バルガス・リョサの推理小説仕立ての中編。石ころだらけの原野で磔にされた惨殺体。被害者の空軍志願兵パロミノ・モレーロの足跡を追う若き警官リトゥーマと老練な上司シルバ警部補。
軍の厚い壁、そしてペルーの貧しい村落の閉鎖性に阻まれながら、徐々に事件の真相に迫っていく。

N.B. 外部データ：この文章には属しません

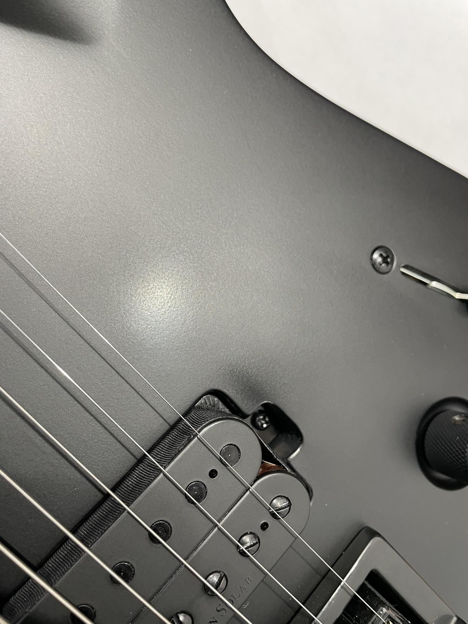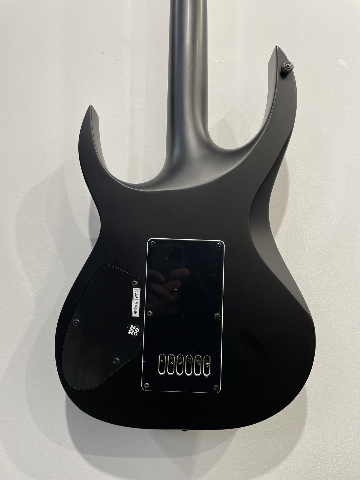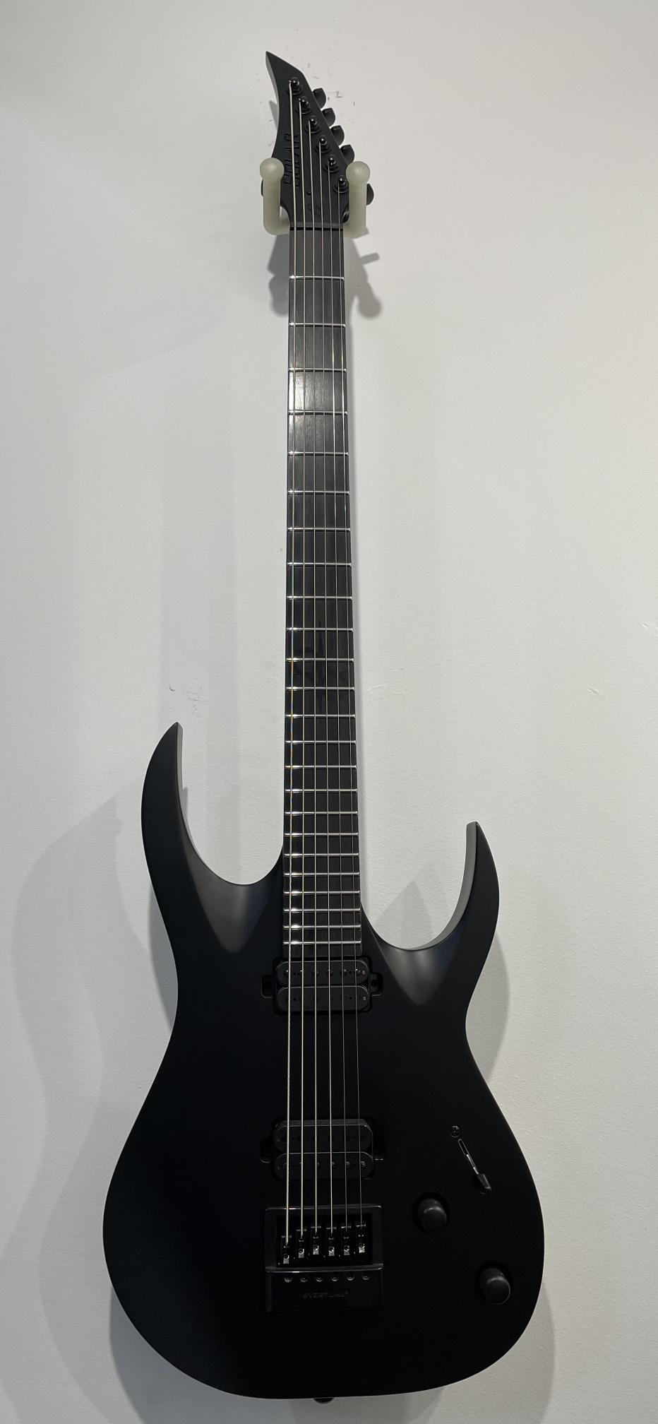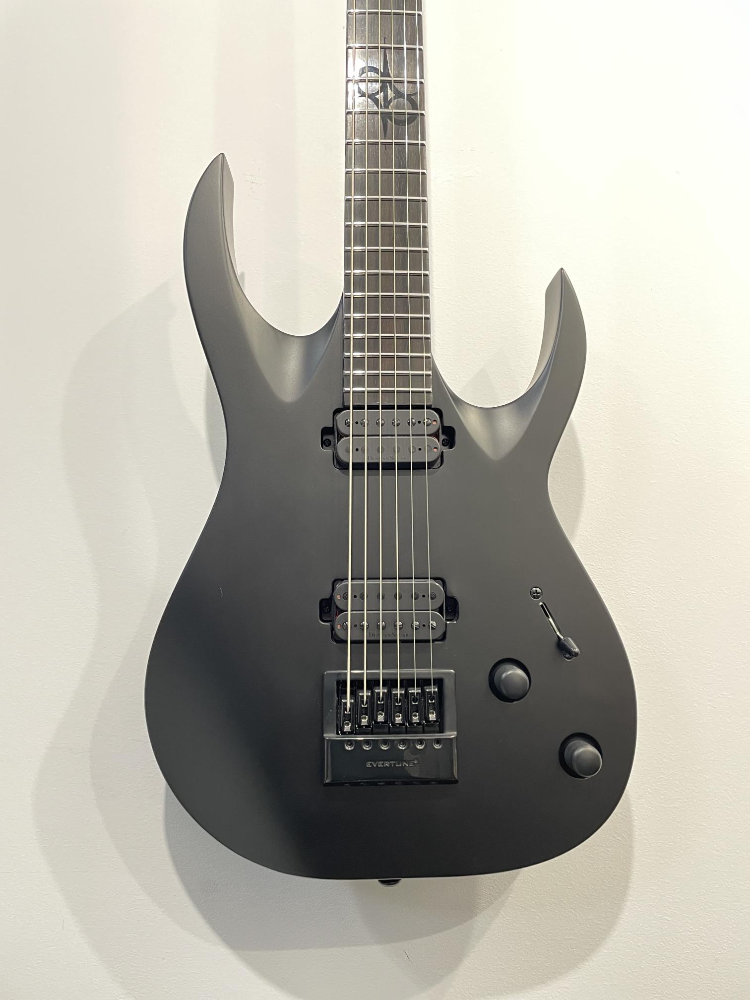 This Type A1.6Svart-29+ baritone six-string guitar boasts stealth looks, a distinctive cutaway scoop and a remarkable feature set, making it the ultimate, precise and professional instrument suitable for both stage and studio work. This guitar features the Evertune® constant-tension bridge—a reliable, fully-mechanical system that keeps the guitar in tune under any circumstances.It also features a set of newly designed Duncan Solar+ (Plus) high gain pickups, featuring Alnico VIII magnets, for maximum impact, grind and aggression.The Type A1.6Svart-29+ features a set-thru neck/body joint design with 29” scale, an alder body, a fast, thin, comfortable maple neck, an ebony fingerboard with 24 super-jumbo stainless steel frets and Luminlay ‘glow in the dark’ side dots for easy stage use. Loaded with Solar 18:1 locking tuners, PPS nut, five-way blade pickup switching and full access neck. Available in carbon black matte finish.

ペルーの白人社会と混血を中心とした地場の共同体との間には埋めがたい断絶があり、さらにその上には経済を支配する米国人と現地白人との断絶がある。近代国家の機能としての警察は、そのいずれからも受け入れられていない。推理小説だからはっきり書くわけにはいかないが、結末部分で真犯人判明のカタルシスを味わったと思いきや、最後の最後で結局より深いペルー社会の抱える闇に向き合わされるという、何ともやるせない読後感。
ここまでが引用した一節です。